🤖 AI Summary
This study systematically investigates the impact of transcription inconsistency in the low-resource Faetar ASR benchmark. To isolate key factors, we construct a small hand-crafted lexicon and integrate it with a bigram language model under dictionary-constrained decoding. We quantitatively evaluate the effects of transcription noise, language modeling, and decoding constraints on recognition performance. Results show that transcription inconsistency is not the primary bottleneck; the conventional bigram language model yields no statistically significant improvement—challenging the widely held assumption that language models inherently benefit low-resource ASR. In contrast, lexicon-based constrained decoding substantially improves word error rate.

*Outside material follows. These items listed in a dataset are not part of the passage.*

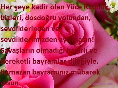 Ramazan Bayramınız kutlu, yüreğiniz umutlu, umutlarınız atlı, sevdanız kanatlı, mutluluğunuz katlı, sofranız tatlı, mekânınız tahtlı, ömrünüz bahtlı, yuvanız bereketli olsun… Damağınızı, ruhunuzu ve çevrenizi tadlandıran, gerçekten güzel ve bereketli bi
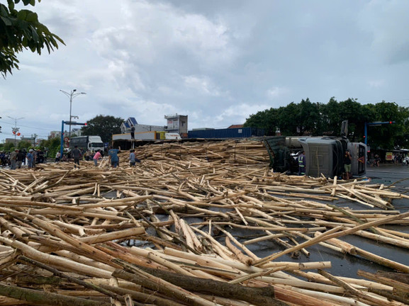 Thông tin ban đầu, khoảng 14h10, xe đầu kéo BKS 61H-104.50 kéo theo rơ-moóc 98R-031.88 do ông Lê Văn Yên (SN 1985, xã Sơn Hòa, tỉnh Đắk Lắk) lái, chở theo vợ cùng gỗ keo, đi theo hướng Bắc - Nam.
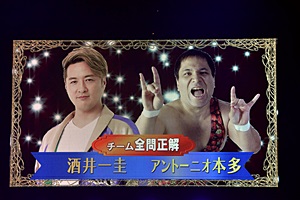 純烈・酒井一圭とアントーニオ本多のチーム全問正解(左写真)。
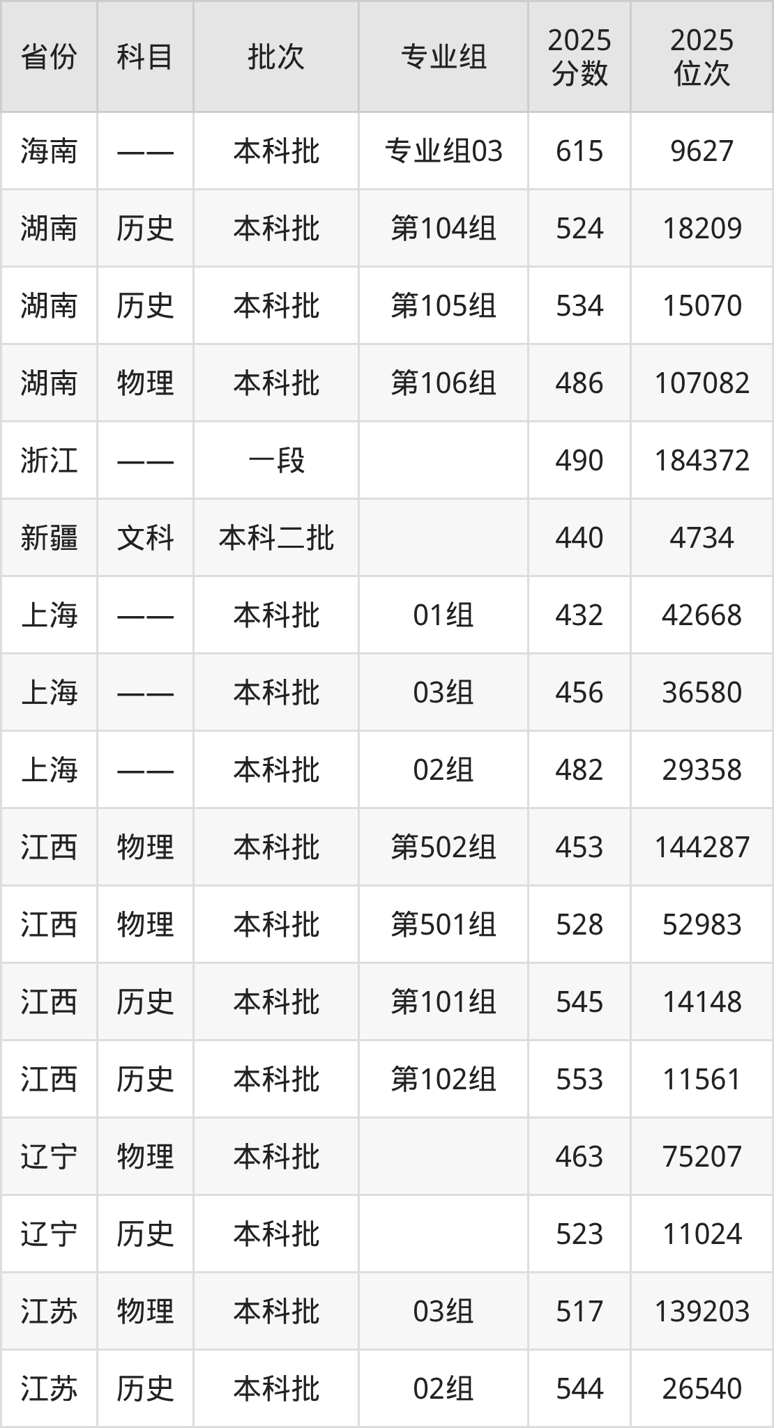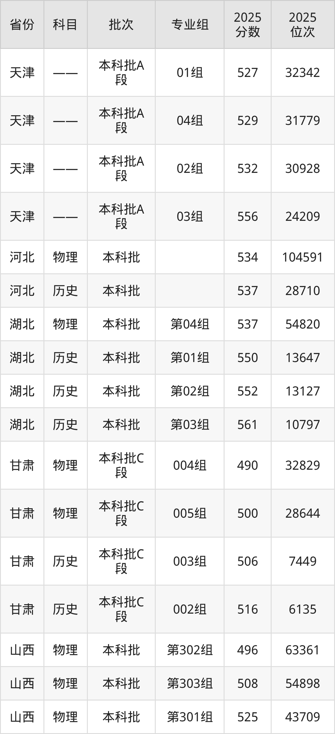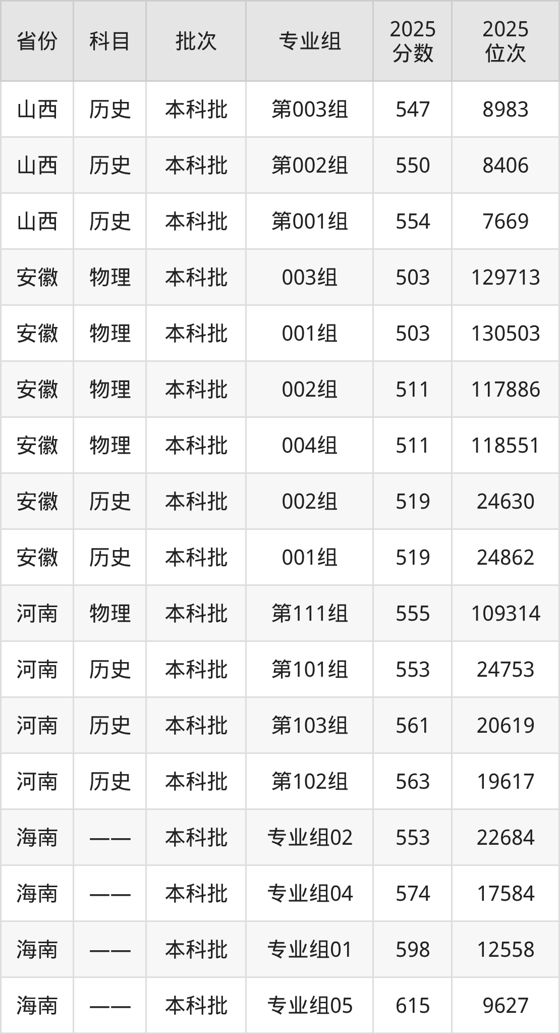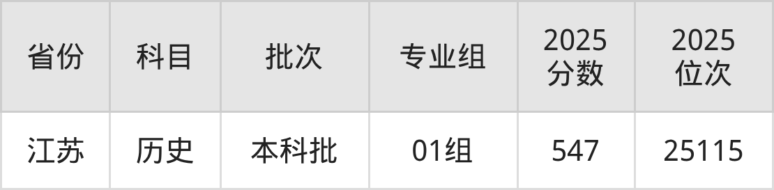 2025年在本科文科进行招生,各专业组分数线详情如下:
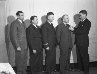 American Airlines. Service awards. Ralph S. Damon, right, making the awards
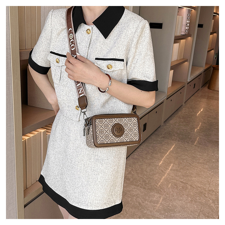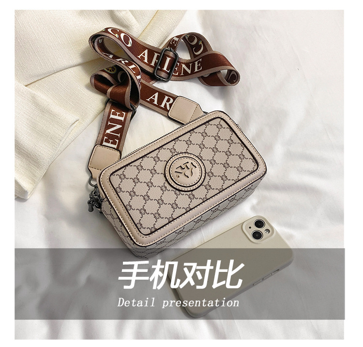 엄선된 카메라 가방, 유럽과 미국의 패션 트렌드, 크로스 패턴 프린트 작은 사각형 가방, 넓은 어깨끈 여성용 가방, 크로스 바디 백
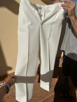 Traje completo con cinturón, corbata y camisa. Camisa talla 34. Chaqueta y pantalón talla 14 Pantalón: 92 centímetros de largo (se le puede sacar). Cintura 67cm, con gomas elásticas para aumentar un poco el volumen
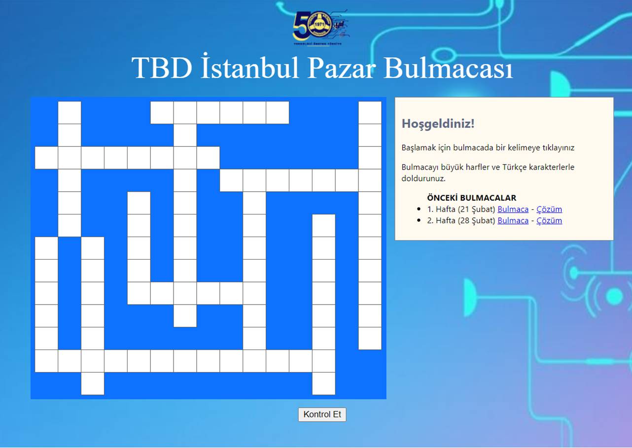 Sürpriz hediyelerimizin olduğu TBD İstanbul 7 Mart Pazar Bulmacamızı keyifle çözmenizi dileriz.
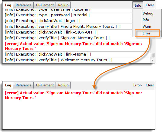 Logs can be filtered by type. For example, if you choose to select the "Error" option from the dropdown list, the Log Pane will show error messages only.
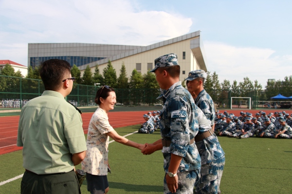 军训现场,我院2018级新生各个精神饱满,充满朝气,在教官的口令下准确完成一个个动作。活动开始,院长郝凌云详细询问了2018级新生的军训强度及适应情况,充分肯定了18级新生不怕艰苦,克服困难的精神。随后,陈智慧书记提出了自己的期望:锻炼体魄,增强自己的意志,要将饱满的热情带入今后的学习生活。
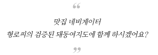 맛집 네비게이터, 형로씨의 검증된 돼동여지도에 함께 하시겠어요?
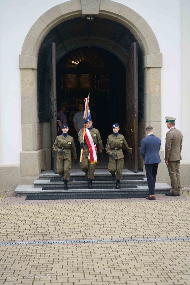 Po Mszy Świętej – przemarsz uczniów za pocztem sztandarowym na halę sportową.

This work is the first to demonstrate that lightweight decoding constraints can effectively substitute for complex language modeling in extremely low-resource settings, offering a novel paradigm for resource-constrained dialectal ASR. Despite these advances, the overall task remains highly challenging.
📝 Abstract
We examine the role of transcription inconsistencies in the Faetar Automatic Speech Recognition benchmark, a challenging low-resource ASR benchmark. With the help of a small, hand-constructed lexicon, we conclude that find that, while inconsistencies do exist in the transcriptions, they are not the main challenge in the task. We also demonstrate that bigram word-based language modelling is of no added benefit, but that constraining decoding to a finite lexicon can be beneficial. The task remains extremely difficult.